Interview with Karen
What do you like to keep out on your kitchen countertop or "kitchen shelfie"?
My kitchen is pretty minimalistic, but I like that it’s uncluttered. After years of living in teeny-tiny New York City apartments with even teeny-tinier kitchens, it feels so nice to have space! As for what’s on the countertop, there’s a wooden bowl that’s always stocked with lemons and garlic, a fancy-ish coffee grinder (because my boyfriend is a coffee nerd), a marble salt cellar filled with kosher salt, a peppermill, a couple of cutting boards, a cheese board, a small selection of cookbooks, and my tangerine KitchenAid mixer. Truth be told, I don’t use the mixer very often, but it has a nostalgia factor for me—and I love the way it looks.
What does living in a golden state meant to you?
Living in a golden state means taking the time to appreciate and be grateful for the little things.

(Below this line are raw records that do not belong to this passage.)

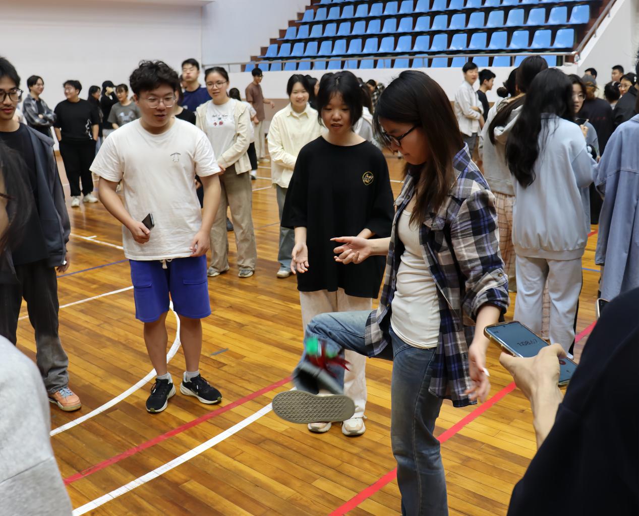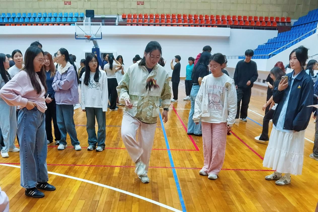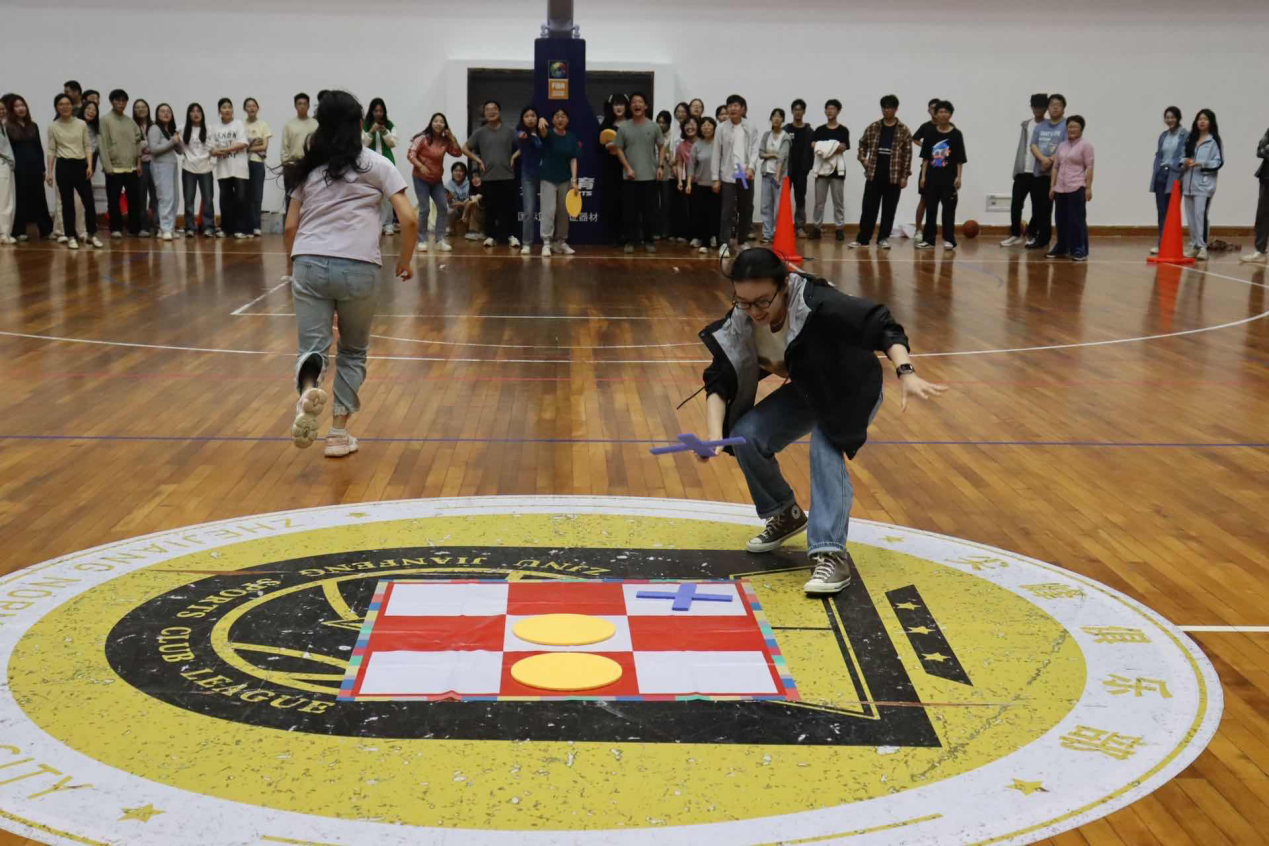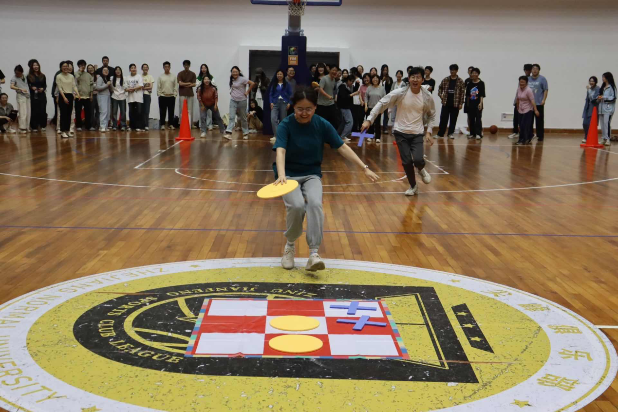 比赛现场热闹非凡,由班级为单位组建的师生队伍纷纷亮相,展开了激烈的角逐。在团体接力赛中,彩色的毽子在围成圆圈的师生间轻盈传递,跳绳、夹篮球时的轻快步伐与夹钢珠的稳健手法相得益彰,师生们互相鼓励、配合无间;在三子棋的智慧对决中,师生们时而凝神思考,时而快速移动,在竞技中碰撞出智慧的火花。整个比赛过程洋溢着轻松愉快的氛围,师生们在运动中增进情谊,在互动中收获快乐。
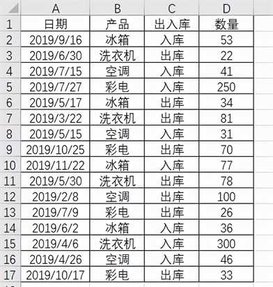 1、全选数据,单击【插入】——【数据透视表】,将产品字段拖动到行字段,出入库字段拖动到列字段,数量字段拖动到值区域。
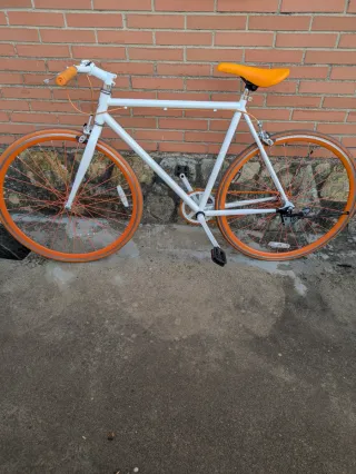 Bicicleta tipo fixie, ideal para desplazarse por la ciudad. - Cuadro de color blanco. - Ruedas y sillín de color naranja. - Manillar naranja.
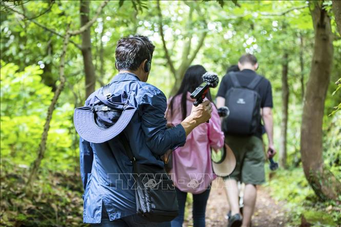 Du khách trải nghiệm Sound Walk trên những con đường mòn quanh co trong rừng nguyên sinh. Ảnh: Anh Nguyên/PV TTXVN tại Hàn Quốc Đi du lịch không ảnh hưởng tới tài chính
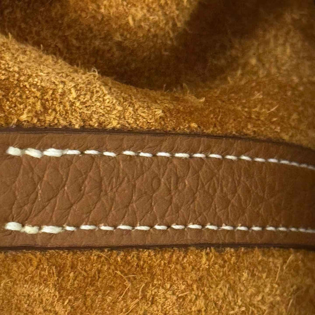 This is an authentic HERMES Taurillon Clemence Picotin Lock 18 PM in Gold. This chic tote is crafted of textured Clemence calfskin leather in brown. This bucket-style bag features a unique one-piece reinforced design with leather top handles and a closure strap that can be secured by a polished palladium padlock. This opens to a brown suede interior.
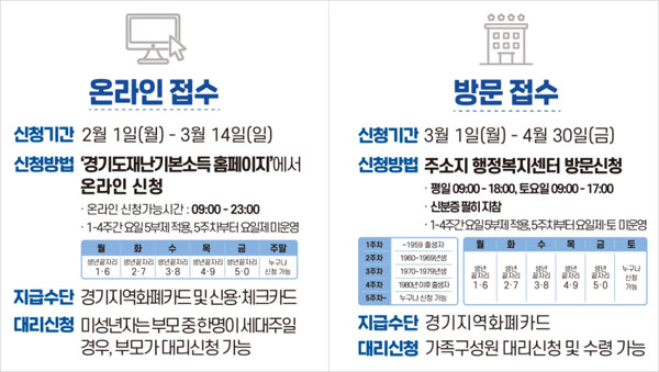 신청은 접속자가 몰리는 것을 예방하기 위해 2월 28일까지 4주 동안은 5부제를 실시합니다. 생년 끝자리가 1과 6인 도민은 월요일, 2와 7은 화요일, 3과 8은 수요일, 4와 9는 목요일, 5와 0은 금요일에 신청할 수 있습니다. 다만 토요일과 일요일은 출생년도와 관계없이 모두 신청할 수 있으며 5주차인 3월 1일~14일에는 주중에도 요일별 5부제가 적용되지 않는다고 합니다.
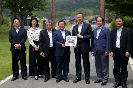 ▲ 중국 중경시 문화위원회 왕 준 주임을 비롯한 7명의 충칭시 문화위원회 한국방문단이 26일 서천을 방문(사진제공- 서천군청)
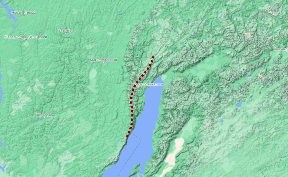 Озеро Байкал является естественной водной преградой протяженностью около 660 километров, что примерно соответствует расстоянию от Москвы до Санкт-Петербурга по прямой.
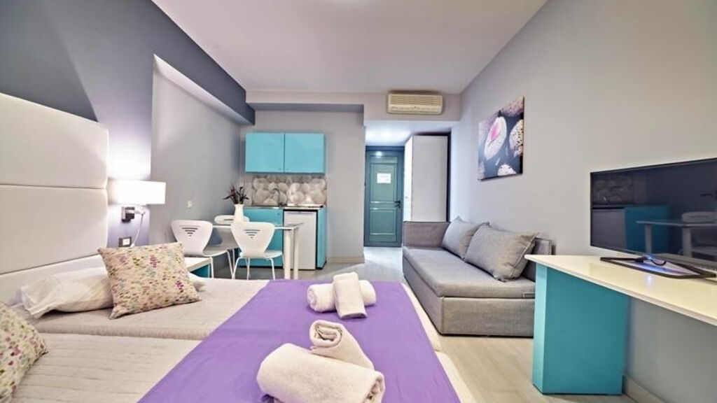 Vybavení pokojů:Studio: koupelna/WC (vysoušeč vlasů), balkon nebo terasa, individuálně ovládaná klimatizace, televize, trezor (za poplatek), lednička, wi-fi (zdarma), sofa, kuchyňka, dětská postýlka na vyžádání

For me, that means being lucky enough to live in Los Angeles, where it’s warm and sunny most of the time, and I can see palm trees out my bedroom window.
If you could host a dinner party at home and invite 3 guests, who would they be, what would you serve and what music would play in the background?
I’m going to go with three iconic women who would spark incredible conversations: Oprah (because, duh, who wouldn’t want to have Oprah at their dinner table?), Julia Child (because I’d love to hear what she thought about the food world today) and the late Carrie Fisher (because I’m an unabashed Star Wars nerd, and man, what a storyteller!). I’d be too scared to serve French food, so I’d probably make a big bowl of pasta, open a bottle of red wine, put on some Queen (because it’s what I’m listening to at the moment) and see where the night takes us!
What was your favorite board game as a child?
I don’t know if it counts as a board game, but I’m going to go with Hungry Hungry Hippos because I feel like it foreshadowed my adult life. Even when I’m eating a meal, I’m always thinking about what I’m going to eat NEXT.
What was your favorite thing that your mom/dad/grandparent cooked for you when you were little?
My grandmother made big batches of homemade ricotta gnocchi, and she’d freeze a bunch of them to have them on-hand for an impromptu dinner. I used to stop by on my drive to and from college, and she’d pull them out of the freezer and cook them for me as a “snack.” My mom asked her to write down the recipe before, and we’ve tried to recreate it, but we’ve never quite nailed it. She cooked by touch and feel, and like many Italian-American grandmothers, her method was more a “handful of” this or a “pinch of” that, rather than using exact measurements. I miss her—and her gnocchi!